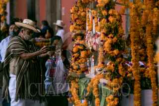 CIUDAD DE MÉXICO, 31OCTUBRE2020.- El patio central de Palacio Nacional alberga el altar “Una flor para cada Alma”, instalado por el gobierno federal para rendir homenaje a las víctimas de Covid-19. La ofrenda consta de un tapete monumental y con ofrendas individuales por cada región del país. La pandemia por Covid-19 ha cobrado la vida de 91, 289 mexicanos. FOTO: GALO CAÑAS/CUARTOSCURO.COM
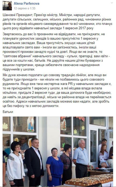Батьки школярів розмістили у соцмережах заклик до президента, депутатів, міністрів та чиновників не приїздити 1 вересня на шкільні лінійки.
____
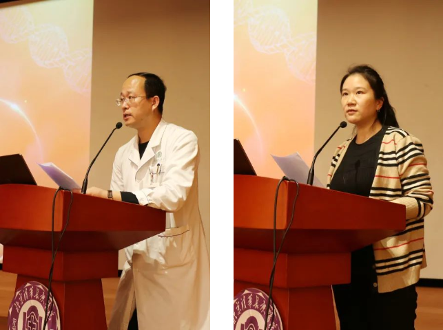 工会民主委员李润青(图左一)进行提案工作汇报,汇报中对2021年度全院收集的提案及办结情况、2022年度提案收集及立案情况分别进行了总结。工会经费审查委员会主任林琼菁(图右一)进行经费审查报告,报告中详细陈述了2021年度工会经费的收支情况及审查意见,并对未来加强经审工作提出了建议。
____
**Exercise prompt**
Exactly as written above, retype the lines starting at the one holding "CIUDAD DE MÉXICO, 31OCTUBRE2020.- El" and ending at the one holding "Батьки школярів розмістили", both included, but not the pictures.

**Expected answer**
 CIUDAD DE MÉXICO, 31OCTUBRE2020.- El patio central de Palacio Nacional alberga el altar “Una flor para cada Alma”, instalado por el gobierno federal para rendir homenaje a las víctimas de Covid-19. La ofrenda consta de un tapete monumental y con ofrendas individuales por cada región del país. La pandemia por Covid-19 ha cobrado la vida de 91, 289 mexicanos. FOTO: GALO CAÑAS/CUARTOSCURO.COM
Батьки школярів розмістили у соцмережах заклик до президента, депутатів, міністрів та чиновників не приїздити 1 вересня на шкільні лінійки.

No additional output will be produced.